No more German army weapons for Ukraine – Berlin
The German military can no longer supply Ukraine with weapons from its stockpiles, Germany’s Defense Minister Christine Lambrecht has said.
In an interview with Die Augsburger Allgemeine Zeitung published on Saturday, Lambrecht said that while “we all have an obligation to support Ukraine in its courageous fight,” in terms of “supplies from the Bundeswehr’s stockpiles” Germany has “in the meantime reached a limit.” She explained that the German military had to “be able to ensure” the country’s own defense.
“But that doesn’t mean we can’t do more for Ukraine,” Lambrecht stressed, suggesting that Kiev could buy equipment it needed from German manufacturers directly. The minister pointed out that the German government “was constantly coordinating” with the authorities in Kiev to facilitate such purchases.

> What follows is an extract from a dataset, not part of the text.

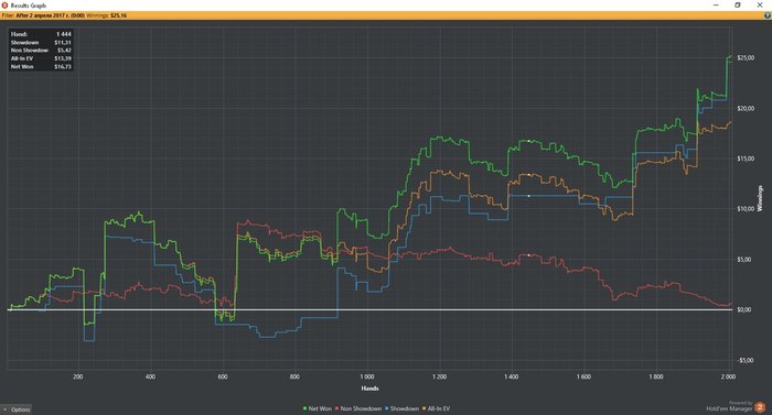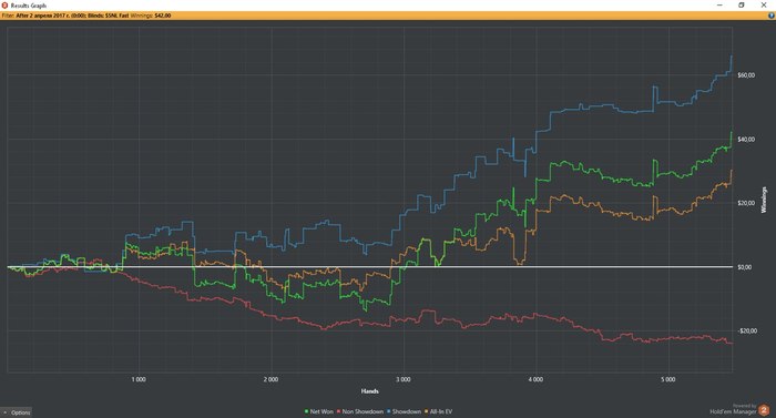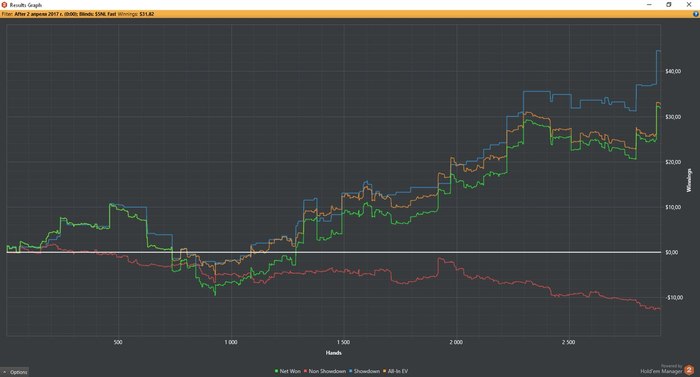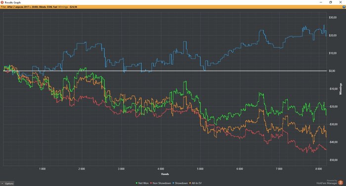 Сегодня поиграл чуть подольше! Решил попробовать несколько плюсовых мувов, но по графику видно, как красная резко пошла на дно. Думал щас бабло буду лопатой гребсти, но мало знать мувы, нужно хорошо играть постфлоп, так что меня быстро поставили на место ))

When asked exactly what kind of weaponry was being considered for delivery to Ukraine, Lambrecht refused to go into detail, adding that “there are good reasons why we have classified precisely this information as secret.”
She noted that it was Ukraine that “emphatically” asked Germany not to divulge specifics.
“One must always bear in mind: The moment the deliveries are published in detail, Russia would also have this information. And that alone would have military strategic implications,” she said.
Lambrecht admitted that Germany’s own military was not “as equipped as is necessary.” The minister stressed that she was determined to change this, however, citing Russia’s military offensive against Ukraine as a wake-up call for Berlin.
Speaking on the topic of European defense, the German official pointed out the significance of NATO’s battle groups, adding that the German military was contributing a lot to the alliance’s initiative.
Lambrecht admitted there’s a concern in Germany that weapons supplies could trigger a reaction by Moscow and “war may expand to other areas.” That’s why, she said, it is important “that we act very prudently and with a cool head in these difficult and horrific times.”
Unlike countries such as the US and UK, Germany had initially stopped short of providing Ukraine with lethal weapons after Russia launched its military offensive against its neighbor on February 24. However, amid growing pressure both from Ukraine itself and Germany’s NATO allies, Berlin changed tack, and has supplied at least 1,000 anti-tank weapons and 500 portable anti-aircraft missiles from its stockpiles. Plans for more deliveries of the same type of weaponry were announced in late March.
Since the launch of Russia’s military offensive in Ukraine, NATO countries and their allies have refrained from direct military involvement in the conflict but have been supplying Ukraine with arms, ammunition, and fuel.
Moscow has repeatedly said Western arms supplies only serve to prolong the conflict and even warned that Russian forces could potentially target such deliveries.
Russia attacked the neighboring state in late February, following Ukraine’s failure to implement the terms of the Minsk agreements signed in 2014, and Russia’s eventual recognition of the Donbass republics of Donetsk and Lugansk.
The German and French brokered Minsk Protocol was designed to regularize the status of the regions within the Ukrainian state.
Kiev insists the Russian offensive was completely unprovoked and has denied claims it was planning to retake the two regions by force.